[Provided records]

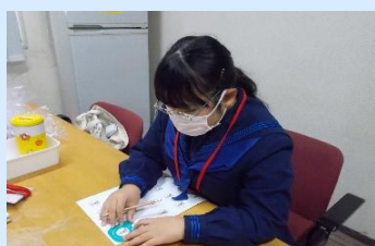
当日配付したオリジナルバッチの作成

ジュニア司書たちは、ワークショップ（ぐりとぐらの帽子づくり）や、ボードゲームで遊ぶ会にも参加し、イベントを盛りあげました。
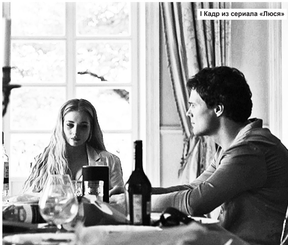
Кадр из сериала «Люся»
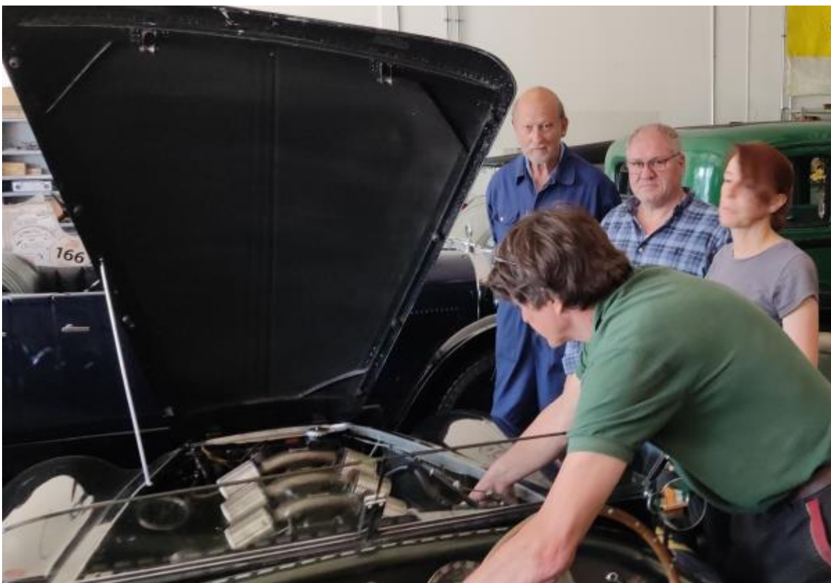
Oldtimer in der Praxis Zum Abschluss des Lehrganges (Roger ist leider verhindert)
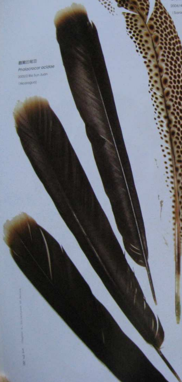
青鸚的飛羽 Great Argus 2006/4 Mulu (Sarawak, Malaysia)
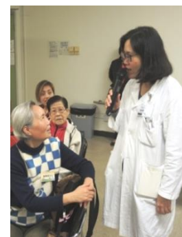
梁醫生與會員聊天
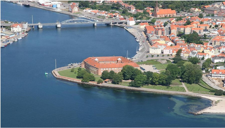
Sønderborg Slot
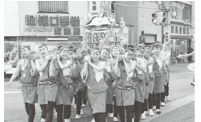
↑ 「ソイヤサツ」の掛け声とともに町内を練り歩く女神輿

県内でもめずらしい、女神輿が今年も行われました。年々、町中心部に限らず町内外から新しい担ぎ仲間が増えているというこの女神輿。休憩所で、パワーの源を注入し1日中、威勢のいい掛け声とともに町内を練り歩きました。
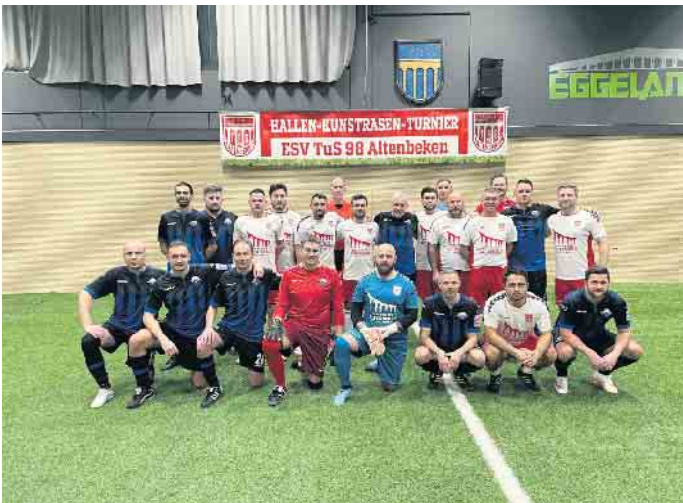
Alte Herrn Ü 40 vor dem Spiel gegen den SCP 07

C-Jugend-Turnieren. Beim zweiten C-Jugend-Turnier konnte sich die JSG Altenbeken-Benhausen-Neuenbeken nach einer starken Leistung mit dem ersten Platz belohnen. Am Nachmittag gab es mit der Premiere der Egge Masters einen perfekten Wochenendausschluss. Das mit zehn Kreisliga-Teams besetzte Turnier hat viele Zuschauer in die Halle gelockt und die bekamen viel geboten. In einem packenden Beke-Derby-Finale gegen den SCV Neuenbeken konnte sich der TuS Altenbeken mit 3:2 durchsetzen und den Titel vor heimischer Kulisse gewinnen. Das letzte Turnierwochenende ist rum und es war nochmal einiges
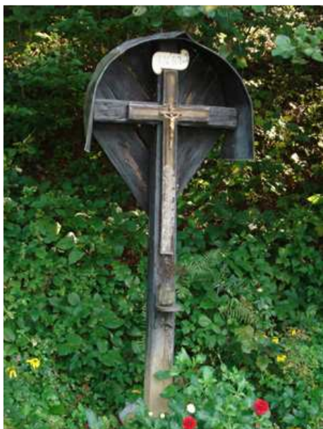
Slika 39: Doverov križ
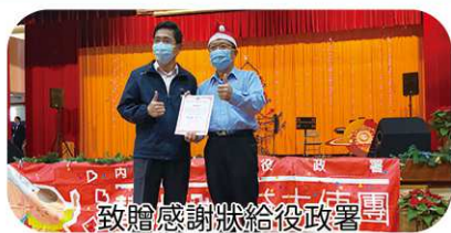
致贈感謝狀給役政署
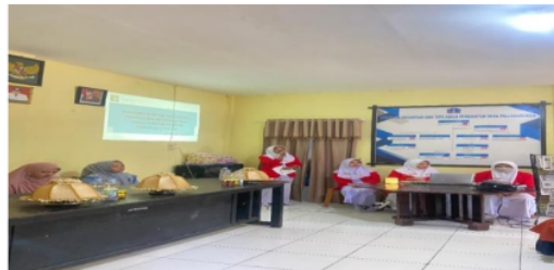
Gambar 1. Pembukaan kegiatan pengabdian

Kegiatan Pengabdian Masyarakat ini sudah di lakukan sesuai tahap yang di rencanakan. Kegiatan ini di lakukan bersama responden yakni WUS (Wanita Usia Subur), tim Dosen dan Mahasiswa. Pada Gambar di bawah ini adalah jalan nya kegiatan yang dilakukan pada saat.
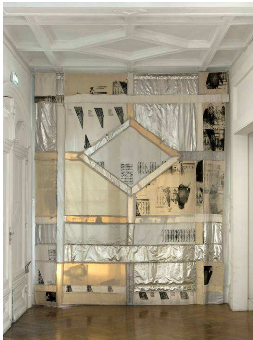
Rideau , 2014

[/Provided records]

Among the lines above, which hold the word "Gambar"? Report each one.

Output:
Gambar 1. Pembukaan kegiatan pengabdian
Kegiatan Pengabdian Masyarakat ini sudah di lakukan sesuai tahap yang di rencanakan. Kegiatan ini di lakukan bersama responden yakni WUS (Wanita Usia Subur), tim Dosen dan Mahasiswa. Pada Gambar di bawah ini adalah jalan nya kegiatan yang dilakukan pada saat.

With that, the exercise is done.